DESCRIPTION OF THE TASK: Reproduce the records word for word, apart from the images they contain.

Recorded data:

☆ ☆ ☆ ☆

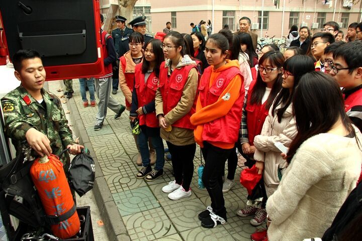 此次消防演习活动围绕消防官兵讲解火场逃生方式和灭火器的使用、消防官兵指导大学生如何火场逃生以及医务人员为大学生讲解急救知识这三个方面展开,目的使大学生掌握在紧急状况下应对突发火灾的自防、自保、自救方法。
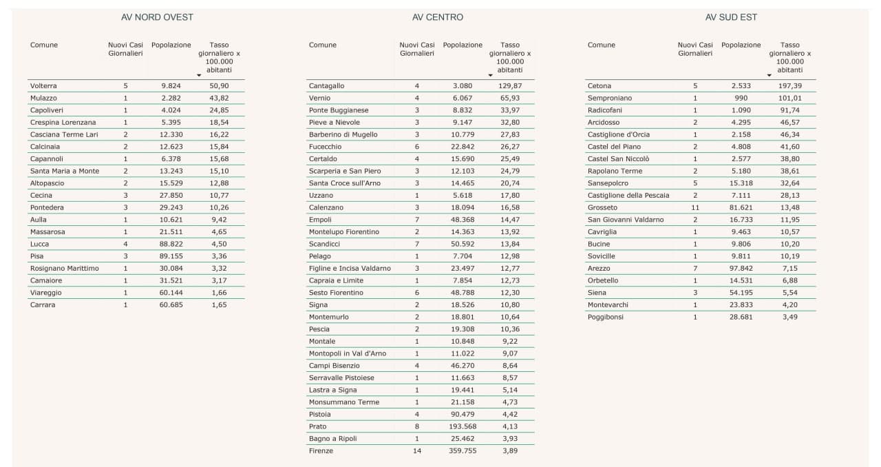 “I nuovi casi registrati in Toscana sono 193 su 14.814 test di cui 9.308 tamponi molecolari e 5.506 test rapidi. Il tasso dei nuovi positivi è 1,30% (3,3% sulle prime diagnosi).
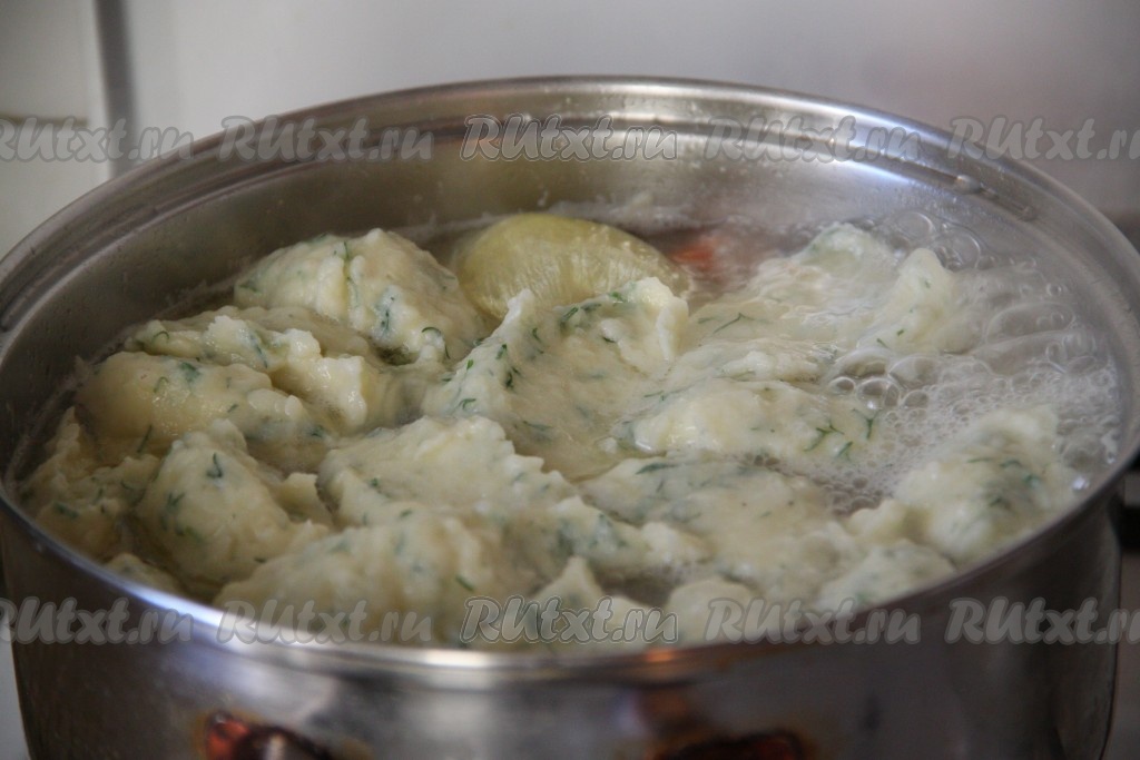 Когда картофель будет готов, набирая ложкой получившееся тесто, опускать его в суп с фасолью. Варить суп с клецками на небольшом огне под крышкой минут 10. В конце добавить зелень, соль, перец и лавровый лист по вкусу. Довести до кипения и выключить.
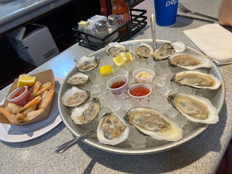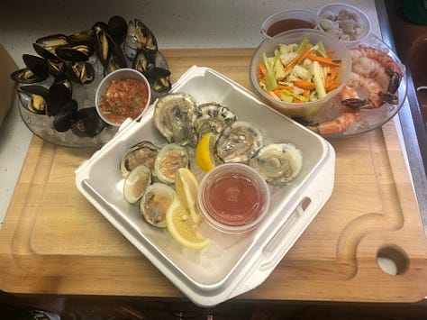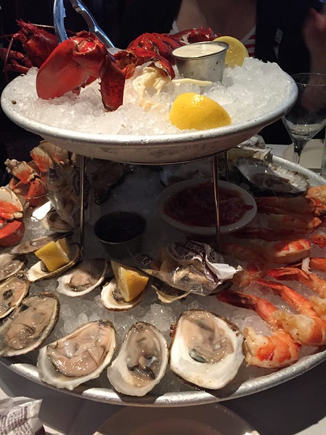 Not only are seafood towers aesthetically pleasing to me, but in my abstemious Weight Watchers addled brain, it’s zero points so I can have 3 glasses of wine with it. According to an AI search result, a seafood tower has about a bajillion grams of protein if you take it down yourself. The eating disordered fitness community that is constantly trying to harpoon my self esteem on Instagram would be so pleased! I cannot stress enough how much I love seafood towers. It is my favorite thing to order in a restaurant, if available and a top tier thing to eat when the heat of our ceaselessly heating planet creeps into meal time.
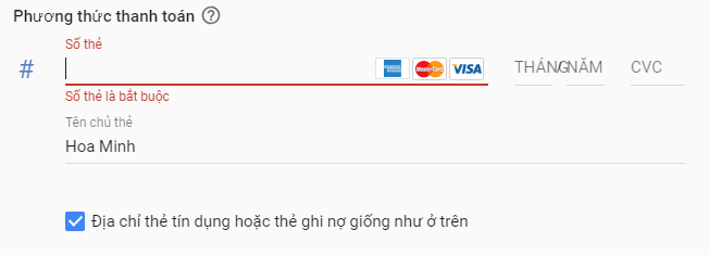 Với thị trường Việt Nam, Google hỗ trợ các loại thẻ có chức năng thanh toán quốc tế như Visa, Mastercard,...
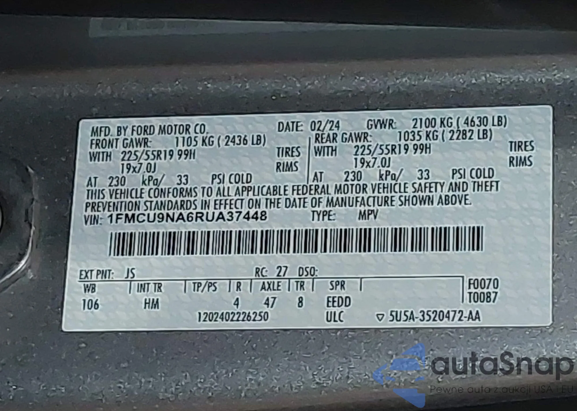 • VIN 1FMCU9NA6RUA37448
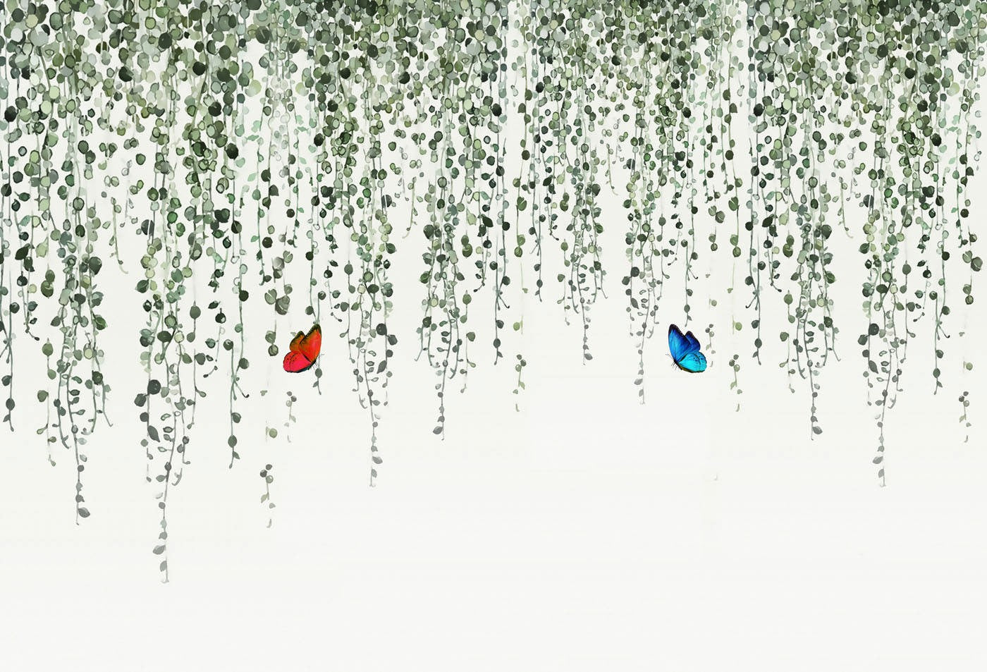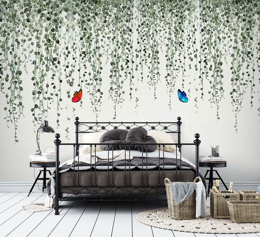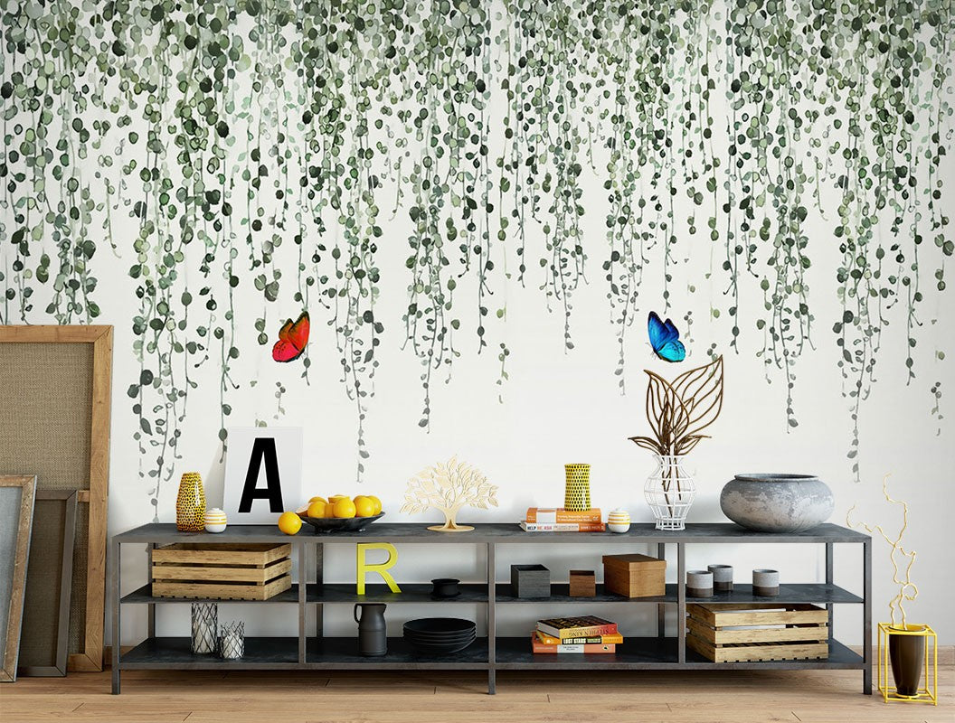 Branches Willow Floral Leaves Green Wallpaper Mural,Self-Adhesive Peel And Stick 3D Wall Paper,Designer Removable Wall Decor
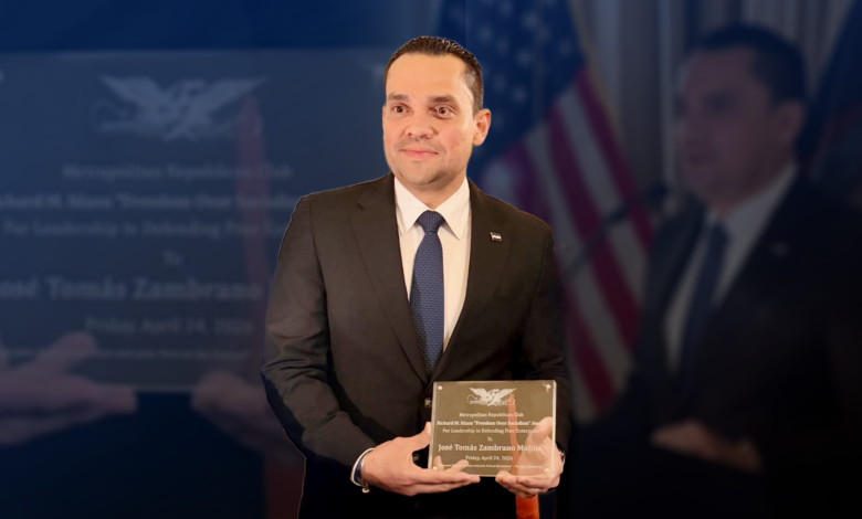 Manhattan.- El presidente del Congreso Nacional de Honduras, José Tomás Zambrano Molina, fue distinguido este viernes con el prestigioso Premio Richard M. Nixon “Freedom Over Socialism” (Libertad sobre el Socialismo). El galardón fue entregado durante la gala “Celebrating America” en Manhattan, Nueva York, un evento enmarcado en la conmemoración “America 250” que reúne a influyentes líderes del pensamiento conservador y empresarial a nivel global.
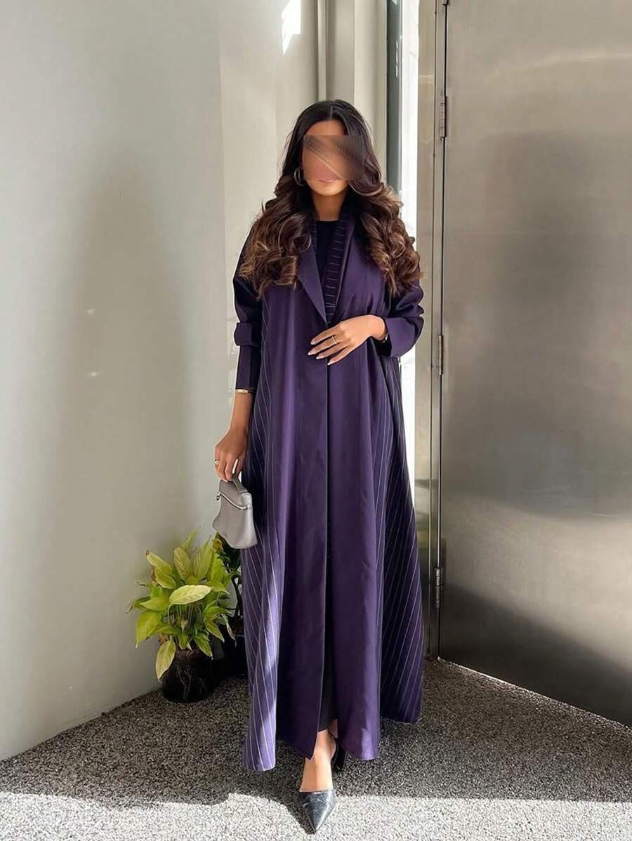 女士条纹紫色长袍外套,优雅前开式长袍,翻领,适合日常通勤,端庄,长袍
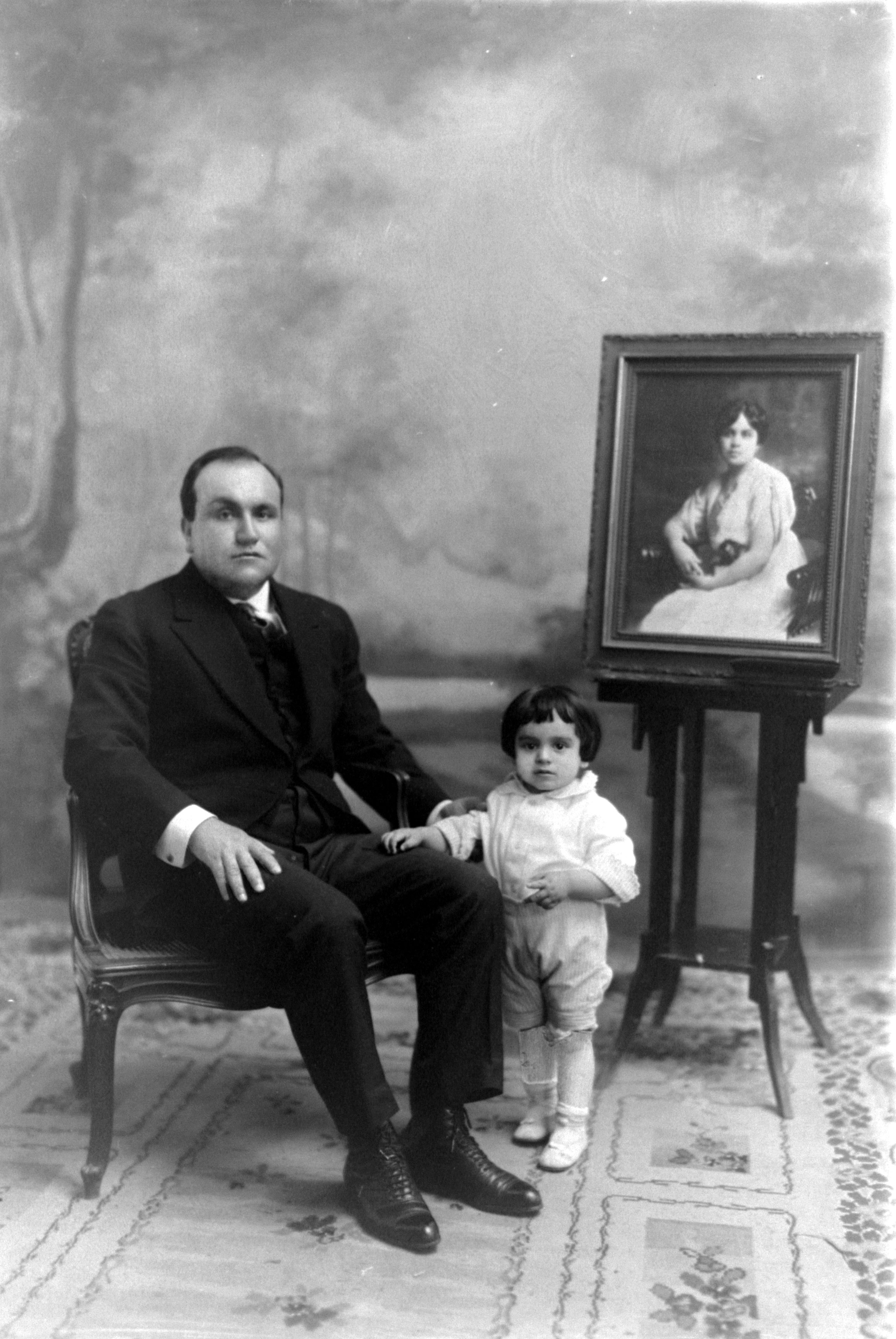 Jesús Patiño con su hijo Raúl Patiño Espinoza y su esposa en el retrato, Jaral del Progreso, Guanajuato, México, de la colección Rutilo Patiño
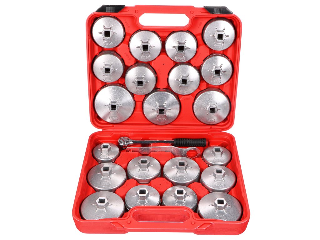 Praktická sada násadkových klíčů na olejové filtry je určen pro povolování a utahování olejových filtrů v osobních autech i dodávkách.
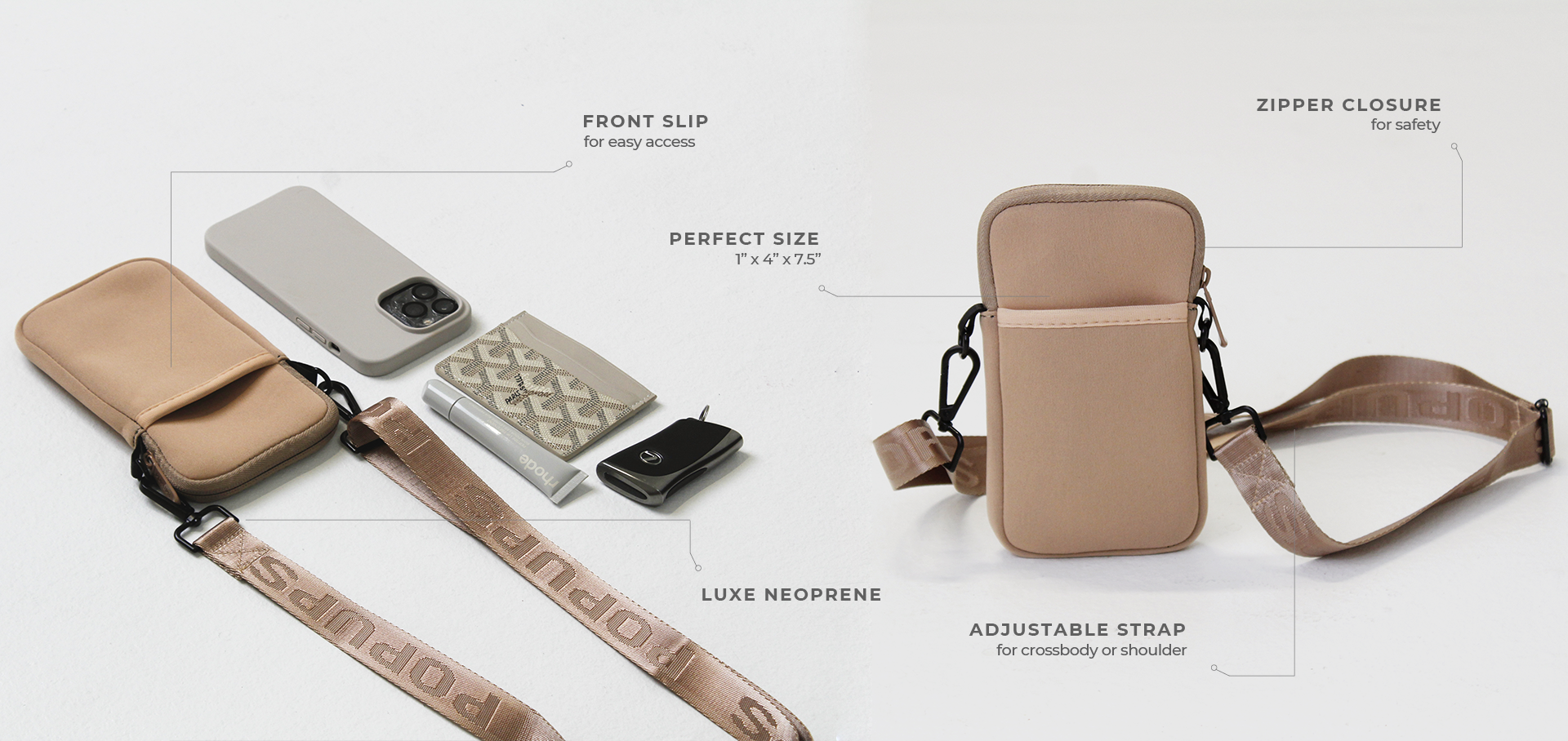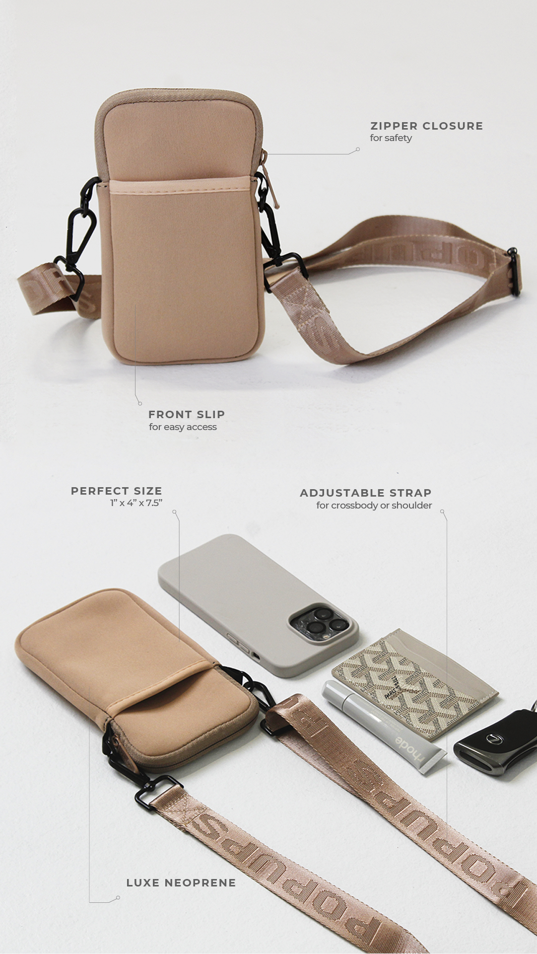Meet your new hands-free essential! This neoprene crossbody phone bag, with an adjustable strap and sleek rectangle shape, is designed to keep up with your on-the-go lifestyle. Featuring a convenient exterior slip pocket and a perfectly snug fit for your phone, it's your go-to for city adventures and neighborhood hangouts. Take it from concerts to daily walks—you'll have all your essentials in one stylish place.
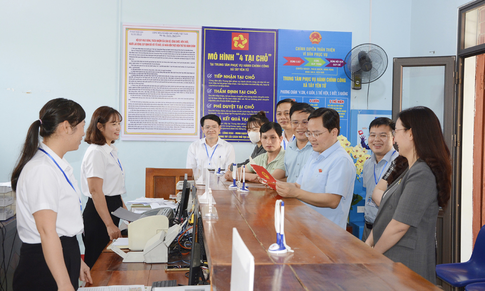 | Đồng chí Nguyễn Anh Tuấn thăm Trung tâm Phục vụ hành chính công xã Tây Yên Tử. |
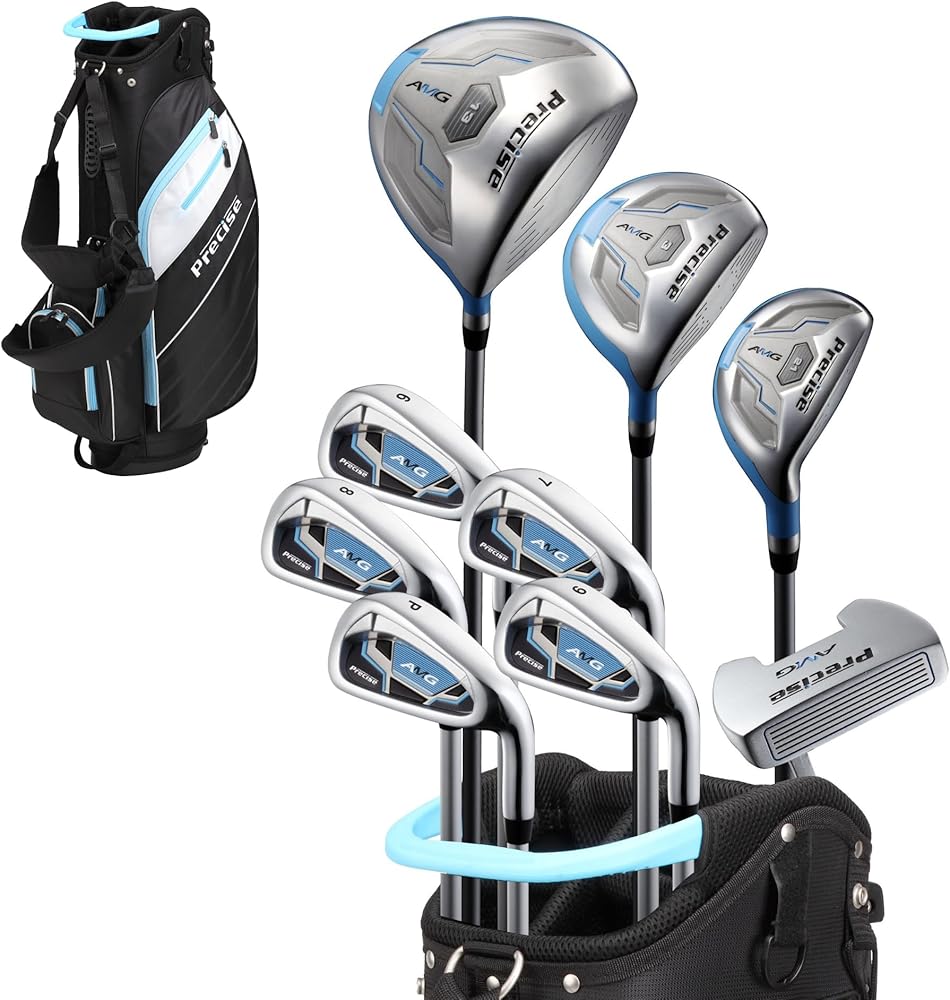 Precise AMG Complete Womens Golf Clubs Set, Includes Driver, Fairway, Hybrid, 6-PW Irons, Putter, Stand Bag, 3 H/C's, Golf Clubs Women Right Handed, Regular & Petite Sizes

☆ ☆ ☆ ☆

ANSWER BOX:
 此次消防演习活动围绕消防官兵讲解火场逃生方式和灭火器的使用、消防官兵指导大学生如何火场逃生以及医务人员为大学生讲解急救知识这三个方面展开,目的使大学生掌握在紧急状况下应对突发火灾的自防、自保、自救方法。
 “I nuovi casi registrati in Toscana sono 193 su 14.814 test di cui 9.308 tamponi molecolari e 5.506 test rapidi. Il tasso dei nuovi positivi è 1,30% (3,3% sulle prime diagnosi).
 Когда картофель будет готов, набирая ложкой получившееся тесто, опускать его в суп с фасолью. Варить суп с клецками на небольшом огне под крышкой минут 10. В конце добавить зелень, соль, перец и лавровый лист по вкусу. Довести до кипения и выключить.
 Not only are seafood towers aesthetically pleasing to me, but in my abstemious Weight Watchers addled brain, it’s zero points so I can have 3 glasses of wine with it. According to an AI search result, a seafood tower has about a bajillion grams of protein if you take it down yourself. The eating disordered fitness community that is constantly trying to harpoon my self esteem on Instagram would be so pleased! I cannot stress enough how much I love seafood towers. It is my favorite thing to order in a restaurant, if available and a top tier thing to eat when the heat of our ceaselessly heating planet creeps into meal time.
 Với thị trường Việt Nam, Google hỗ trợ các loại thẻ có chức năng thanh toán quốc tế như Visa, Mastercard,...
 • VIN 1FMCU9NA6RUA37448
 Branches Willow Floral Leaves Green Wallpaper Mural,Self-Adhesive Peel And Stick 3D Wall Paper,Designer Removable Wall Decor
 Manhattan.- El presidente del Congreso Nacional de Honduras, José Tomás Zambrano Molina, fue distinguido este viernes con el prestigioso Premio Richard M. Nixon “Freedom Over Socialism” (Libertad sobre el Socialismo). El galardón fue entregado durante la gala “Celebrating America” en Manhattan, Nueva York, un evento enmarcado en la conmemoración “America 250” que reúne a influyentes líderes del pensamiento conservador y empresarial a nivel global.
 女士条纹紫色长袍外套,优雅前开式长袍,翻领,适合日常通勤,端庄,长袍
 Jesús Patiño con su hijo Raúl Patiño Espinoza y su esposa en el retrato, Jaral del Progreso, Guanajuato, México, de la colección Rutilo Patiño
 Praktická sada násadkových klíčů na olejové filtry je určen pro povolování a utahování olejových filtrů v osobních autech i dodávkách.
Meet your new hands-free essential! This neoprene crossbody phone bag, with an adjustable strap and sleek rectangle shape, is designed to keep up with your on-the-go lifestyle. Featuring a convenient exterior slip pocket and a perfectly snug fit for your phone, it's your go-to for city adventures and neighborhood hangouts. Take it from concerts to daily walks—you'll have all your essentials in one stylish place.
 | Đồng chí Nguyễn Anh Tuấn thăm Trung tâm Phục vụ hành chính công xã Tây Yên Tử. |
 Precise AMG Complete Womens Golf Clubs Set, Includes Driver, Fairway, Hybrid, 6-PW Irons, Putter, Stand Bag, 3 H/C's, Golf Clubs Women Right Handed, Regular & Petite Sizes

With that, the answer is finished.